§ Task: Leave every image out, and print the remaining lines below exactly.

§ Data segment:
***

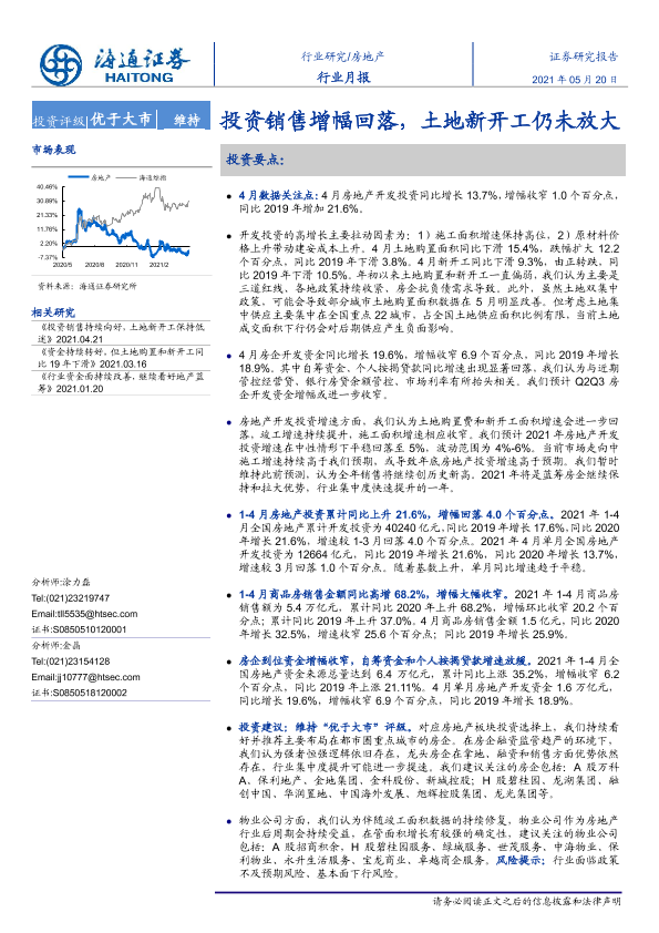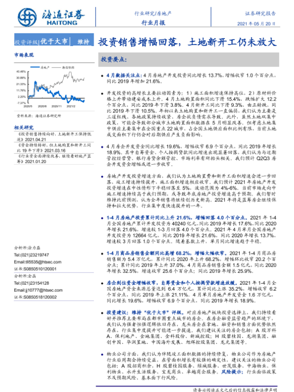 【海通证券】【20210520】房地产行业月报:投资销售增幅回落,土地新开工仍未放大-12页
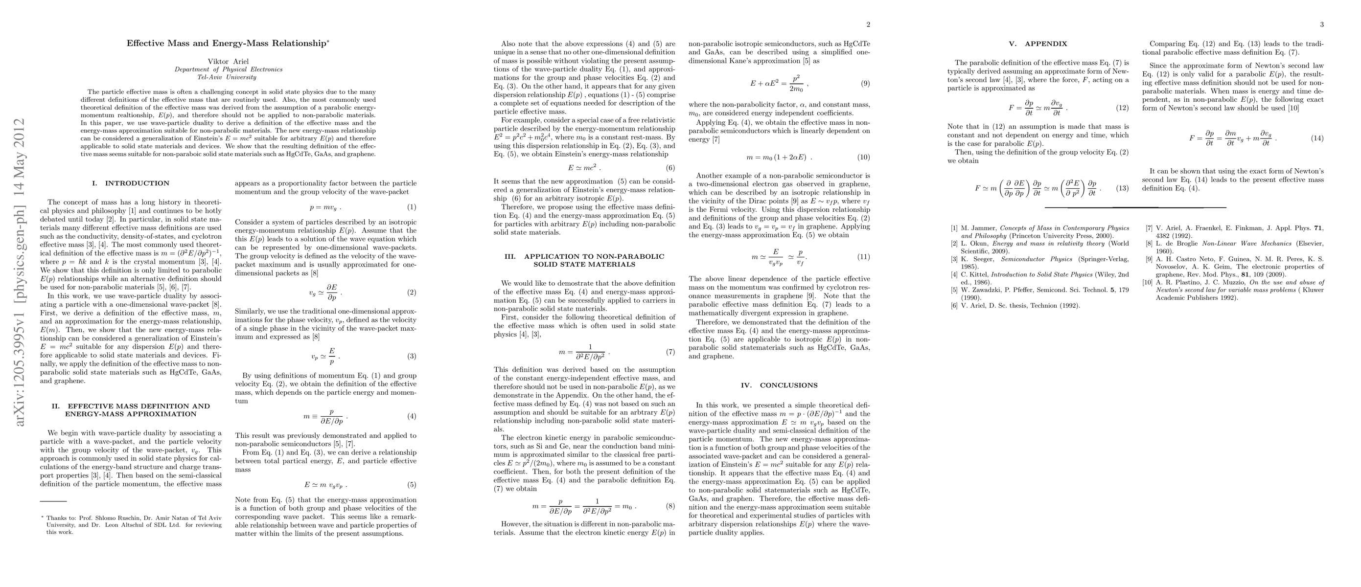 The particle effective mass is often a challenging concept in solid state physics due to the many different definitions of the effective mass that are routinely used. Also, the most commonly used theoretical definition of the effective mass was derived from the assumption of a parabolic energy-momentum relationship, E(p), and therefore should not be applied to non-parabolic materials. In this paper, we use wave-particle duality to derive a definition of the effective mass and the energy-mass approximation suitable for non-parabolic materials. The new energy-mass relationship can be considered a generalization of Einstein's E=mc^2 suitable for arbitrary E(p) and therefore applicable to solid state materials and devices. We show that the resulting definition of the effective mass seems suitable for non-paraboic solid state materials such as HgCdTe, GaAs, and graphene.
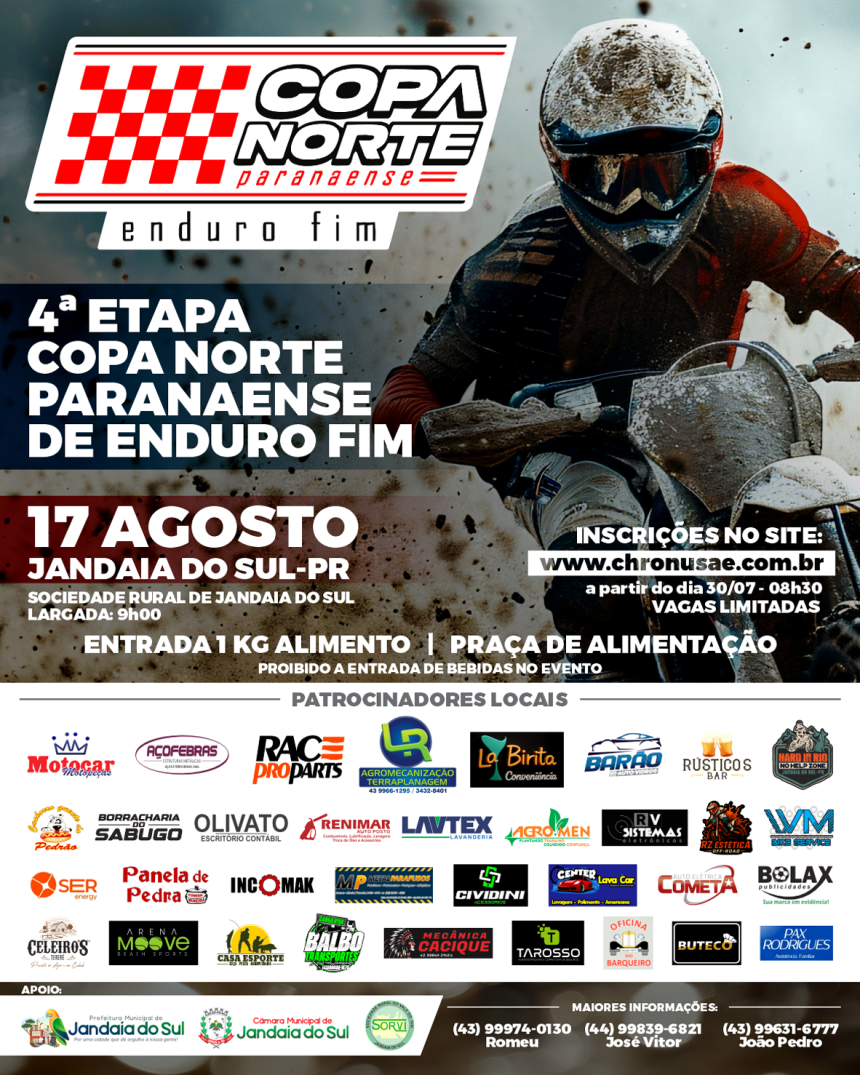 No próximo dia 17 de agosto, Jandaia do Sul será palco da 4ª etapa da Copa Norte Paranaense de Enduro FIM, um dos eventos mais aguardados do motociclismo off-road regional. A largada está marcada para as 9h, na Sociedade Rural de Jandaia do Sul, prometendo emoção, adrenalina e manobras radicais.

***

§ Task solution:
 【海通证券】【20210520】房地产行业月报:投资销售增幅回落,土地新开工仍未放大-12页
 The particle effective mass is often a challenging concept in solid state physics due to the many different definitions of the effective mass that are routinely used. Also, the most commonly used theoretical definition of the effective mass was derived from the assumption of a parabolic energy-momentum relationship, E(p), and therefore should not be applied to non-parabolic materials. In this paper, we use wave-particle duality to derive a definition of the effective mass and the energy-mass approximation suitable for non-parabolic materials. The new energy-mass relationship can be considered a generalization of Einstein's E=mc^2 suitable for arbitrary E(p) and therefore applicable to solid state materials and devices. We show that the resulting definition of the effective mass seems suitable for non-paraboic solid state materials such as HgCdTe, GaAs, and graphene.
 No próximo dia 17 de agosto, Jandaia do Sul será palco da 4ª etapa da Copa Norte Paranaense de Enduro FIM, um dos eventos mais aguardados do motociclismo off-road regional. A largada está marcada para as 9h, na Sociedade Rural de Jandaia do Sul, prometendo emoção, adrenalina e manobras radicais.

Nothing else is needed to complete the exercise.